In WT osteoblast cells, we observed intense cortactin staining along the cell membranes (Fig. 4K, arrowheads). Upon TGFβ stimulation, cortactin extended into the cytoplasm and large cell protrusions formed, marked by multiple actin-rich puncta at the cell edges colocalizing with cortactin (Fig. 4K, arrows, yellow staining). In contrast, unstimulated and stimulated mutant osteoblasts displayed perinuclear cortactin accumulation (Fig. 4K, arrowheads), with small, unevenly distributed cortactin-rich puncta in the cytoplasm that did not colocalize with F-actin or localize to the cell membrane (Fig. 4K, arrow). Cell protrusions did not form (Fig. 4K).
To assess cell migration in vivo, we created a 2-mm circular defect in the parietal bone of WT and Sh3Pxd2b^nee−/−^ mice and harvested skulls at 0, 24 and 48 h postoperatively (Fig. 4L). In WT mice, we observed migration of cells into the defect area at 24 and 48 h (Fig. S3, Fig. 4M, left). In Sh3Pxd2b^nee−/−^ mice, cells did not migrate into the defect area (Fig. S3, Fig. 4M, right). The Wnt1-Cre2 transgenic mouse line is used to express Cre recombinase in neural crest cell lineages (Dinsmore et al., 2022). We repeated the experiment in Wnt1-Cre2^+/−^;mT/mG and Wnt1-Cre2^+/−^;mT/mG;Sh3Pxd2b^nee−/−^ mice, confirming that the cells migrating into the defect area in WT mice expressed green fluorescent protein and were thus of neural crest origin. Conversely, migration into the defect area did not occur in Wnt1-Cre2^+/−^;mT/mG;Sh3Pxd2b^nee−/−^ mice (Fig. 4N).
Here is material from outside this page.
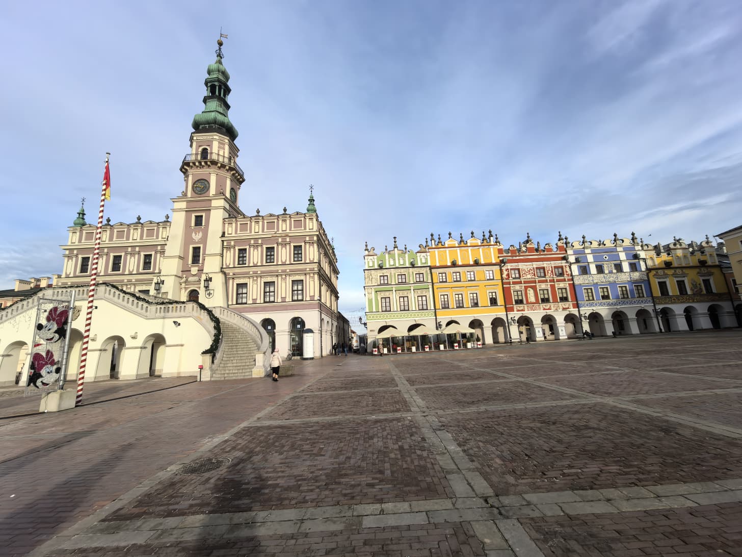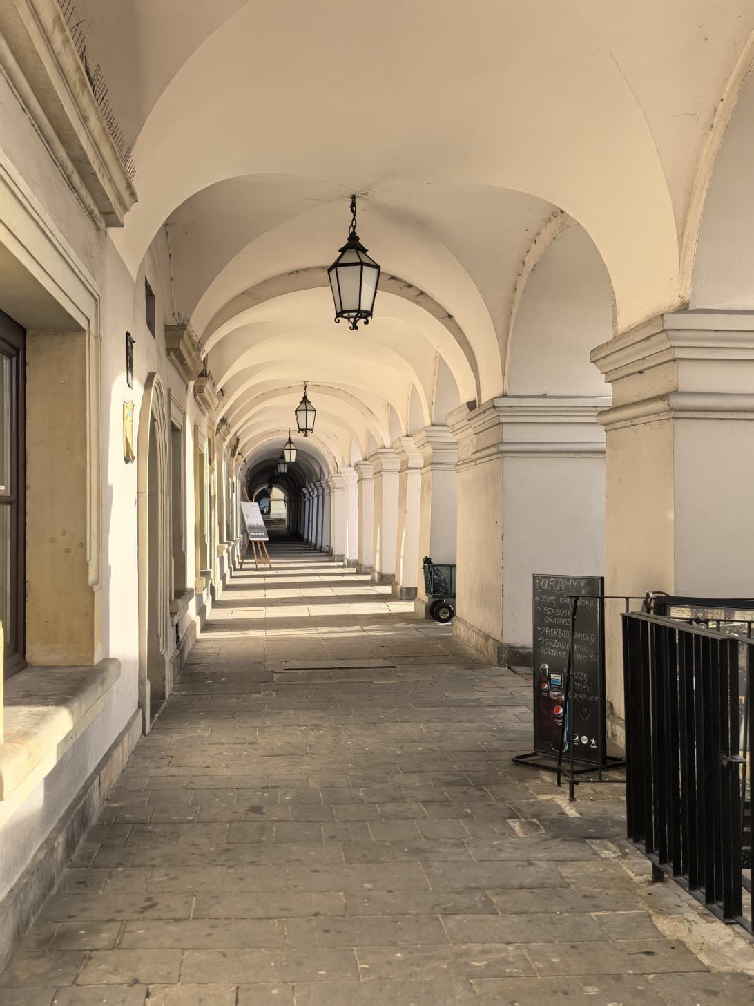 На этом фоне становится особенно заметным сам характер площади. Rynek Wielki, так называется сама площадь, воспринимается сразу как собранное и уравновешенное пространство: строгий ритм фасадов, чётко выстроенные перспективы, отсутствие визуального шума. И есть ещё одна принципиальная особенность — вся площадь окружена аркадами. А еще Замосць не случайно называют городом аркад. По периметру Rynek Wielki можно пройти полностью, не выходя под дождь или под палящее солнце. Как в Италии. Для Польши это редкость. И снова речь идёт не о декоративном эффекте, а о продуманной городской среде, где архитектура работает на человека. И снова речь идёт не о декоративном эффекте, а о продуманной городской среде, где архитектура работает на человека и становится частью его повседневного маршрута.

The above data reveal decreased and spatially altered proliferative and decreased migratory activity in Sh3Pxd2b^nee−/−^ mice, which is more pronounced in cells and tissues of neural crest origin. Additionally, mutant dura mater cells and osteoblasts form fewer and structurally aberrant podosomes necessary for cell migration, compared to WT cells, thus confirming the findings of previous studies establishing the role of TKS4 in podosome formation (Bögel et al., 2012; Buschman et al., 2009; Courtneidge, 2012; Iqbal et al., 2010; Kudlik et al., 2020; Massadeh et al., 2022).
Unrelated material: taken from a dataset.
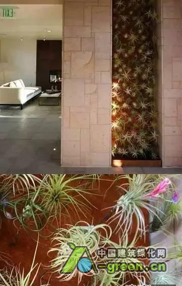 有些垂直花园甚至不需要土壤和灌溉!在加利福尼亚州Bardessono酒店中名为 “空气凤梨”的垂直花园顾名思义只需空气无需土壤就能成活,净化空气的同时也成为了酒店室内独特的装饰,与金属边框结合,为古铜色墙面提供了立体的视觉装饰,它们不需要大面积的灌溉,只需要不时用水壶喷雾“滋润”即可。

Migration and podosome formation in neural crest-derived cells and tissues from Sh3Pxd2bnee−/− mice is impaired
To gain insights into the role of TKS4 in cranial neural crest cells (NCCs), we isolated the neural plate (NP) from E9.5 mouse embryos to assess TKS4 expression and migratory potential. The presence of migratory NCCs was confirmed by immunofluorescence staining for SOX10 (Trainor, 2010) (Fig. 5A, Fig. S2A). TKS4 expression was unaffected in the NP of WT and Sh3Pxd2b^nee−/−^ mice in vivo (Fig. 5B, Fig. S2A). Proliferation was generally decreased in the NP of mutant mice compared to WT mice. Interestingly, proliferation was more enhanced in the outer layer and focally present in the sub-layers of the NP of mutant mice, possibly indicating the presence of subpopulations of proliferative cells specific to the Sh3Pxd2b^nee−/−^ mouse (Fig. 5C, Fig. S2A). No differences in apoptotic activity were observed in the NP of WT and mutant mice (Fig. 5D, Fig. S2A).
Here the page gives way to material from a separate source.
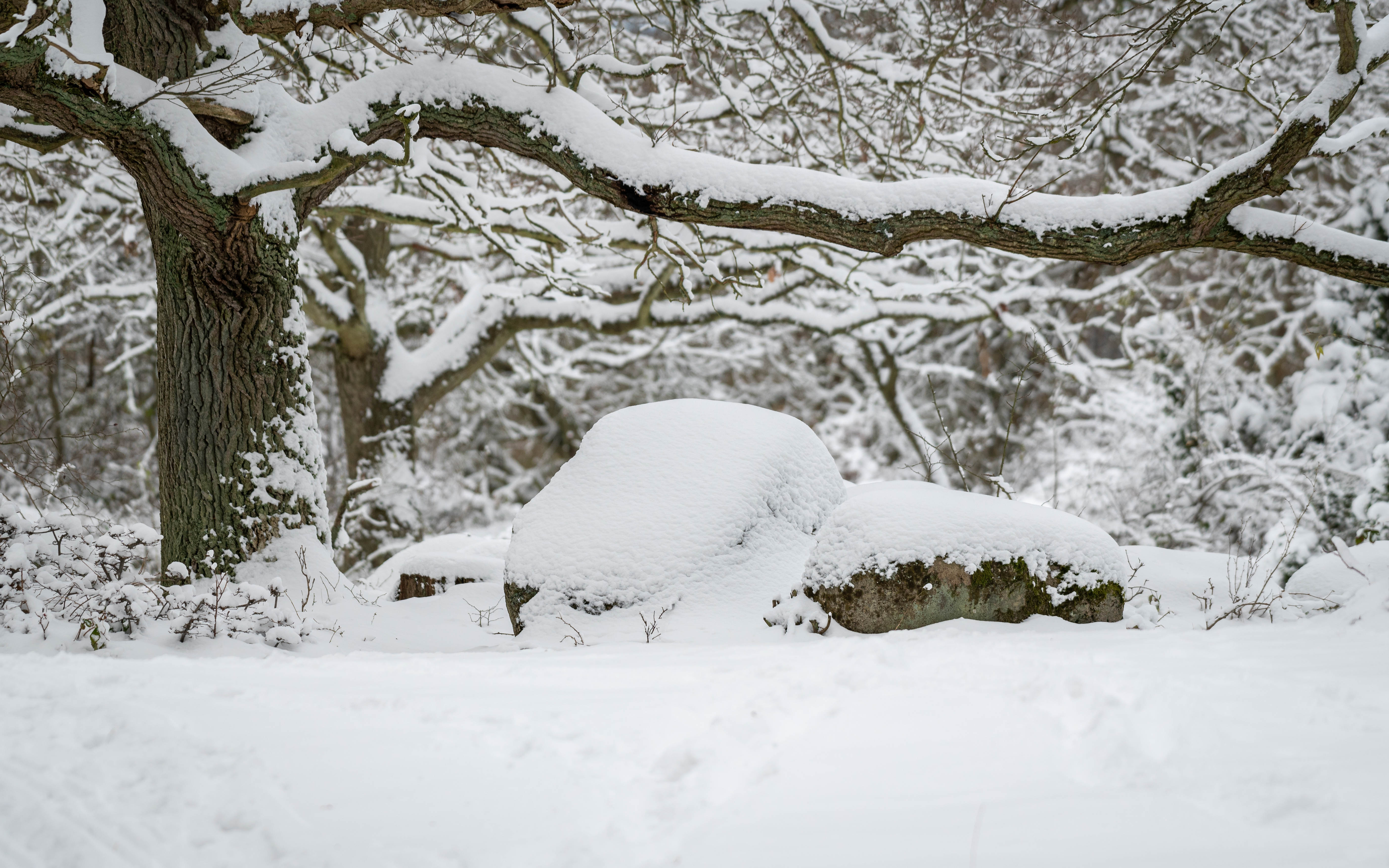 Man förundras över grenens kraft att sträcka ut sig så långt och hänga kvar utan att knäckas. Väl sett, snyggt med snöstenarna nedanför, skulptural vackert.

Migration and podosome formation in neural crest-derived cells and neural crest tissues from Sh3Pxd2bnee−/− mice is impaired. (A-D) Illustration of a mouse embryo at E9.5 with a rectangle indicating the area of the neural plate (NP). See Fig. S2A for additional anatomical landmarks. Images show immunofluorescence staining of tissue sections of the NP for SOX10 (A), TKS4 (B), PCNA (C) and TUNEL assay (D). Staining of SOX10 confirms the presence of neural crest cells (NCCs). Top panels depict negative control for SOX10 without primary antibody. TKS4 expression is comparable in WT and mutant tissues. PCNA staining is more enhanced in the outer layers and focally present in the sub-layers of the mutant NP. TUNEL assay shows no difference of apoptotic activity between WT and mutant NP. (E) Schematic depicting the dissection and plating of the NP and migration of NCCs. Created in BioRender by Huber, J., 2026. https://BioRender.com/h95h065. This figure was sublicensed under CC BY 4.0 terms. (F) Migrating NCCs observed at 0 h and after 24, 48 and 72 h in culture. White dashed lines mark the end of the migrated area. Migration is decreased in mutant NCCs. (G) Histogram demonstrating increase of the migrated area over time as percentage increase relative to the size of the plated tissue. Data shown as mean (±s.d.). (H-J) Representative areas of migrating cells were stained for SOX10 (H) to confirm neural crest origin and TKS4 (I) showing comparable expression and distribution in WT and mutant cells. Podosome formation assay with cortactin and F-actin was performed (J) showing formation of protrusions in WT cells with accumulation of cortactin in clusters and lining the cell membrane (arrows). Mutant cells show cortactin near cell membranes, but cell boundaries appear frayed and podosomes are not formed. Experiments were performed in triplicate.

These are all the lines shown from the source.